I like to think that any person can walk onto a shoot and they can turn into a total rockstar. They pose just right and they are able to take direction. But not all dreams come true, especially when working with other humans. Me and my fellow photographer, had two models for the afternoon. One fairly experienced and the other was doing this for the first time. I honestly love shooting with new clients/models. They tend to feel like they are going to mess up a shoot or not do well enough to get a good image. But once you upload an album and do a few edits, they light up with excitement. And that's such a great feeling to be able to give that to them. Of course getting a good shot pumps you up during a shoot, but for me, giving someone something they didn't think was possible...it's incredible.

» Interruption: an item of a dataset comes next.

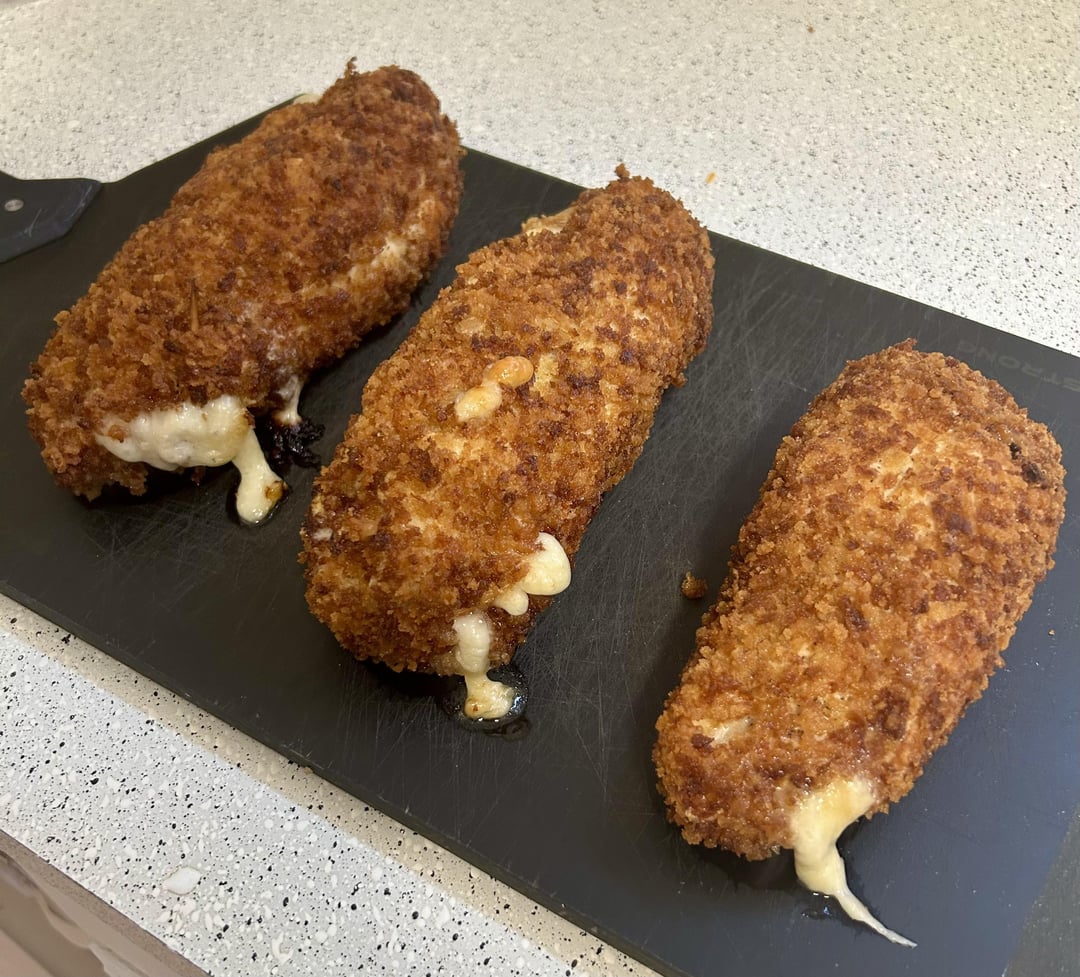 I split chicken breast and hammer thin. Season chicken and roll up with thick sliced ham and swiss cheese inside. Dust the roll in flour. Dip chicken in egg wash before rolling in panko bread crumbs. Let crust set for 10-15 mins then fry to crisp and brown for a few mins each side. 450°F oven after for 15-20 mins to finish. Great reheated in the air fryer the next day.

Below you will see a few before and after shots taken during the two sessions. As you will see, I had quite a lot of reflection and silly me, I didn't use a circular polarizer. Of course, I didn't realize this until I got to the editing process.
My first set here is of Laura. She was our new comer and I believe that after all the nerves settled she was able to really sink into the photo shoot process. She would need some guidance and a few laughs, but overall I was very impressed. However, it was a bit of a challenge on the editing side. As I mentioned above, not using a circular polarizing filter really added a lot to the back end of the shoot. But with some trial and error, I found that using "dehaze" via the brush tool in Adobe Lightroom Classic, eliminated all of the reflection and achieved the goal was after.
The second model was Sarah. Her and I have known each other for some time and have done multiple projects together. As you can see in her before image, you will see just how bad that reflection was. You will see myself, my photography partner, and my significant other. (He was our light diffuser holder.) With Sarah, we had to work against the clock. The water began to get a bit too cold and that has its own implications when shooting. She definitely pulled though and delivered elegant and ethereal shots.
Overall, I really like this shoot and I feel like this will be one I will do again. I also believe that the shoot in general can be very adaptive. From an elegant more delicate shoot to one more dark and gritty. it can also be used from the newbies to the more experienced. And I as a photographer will be better prepared for this shoot in the future.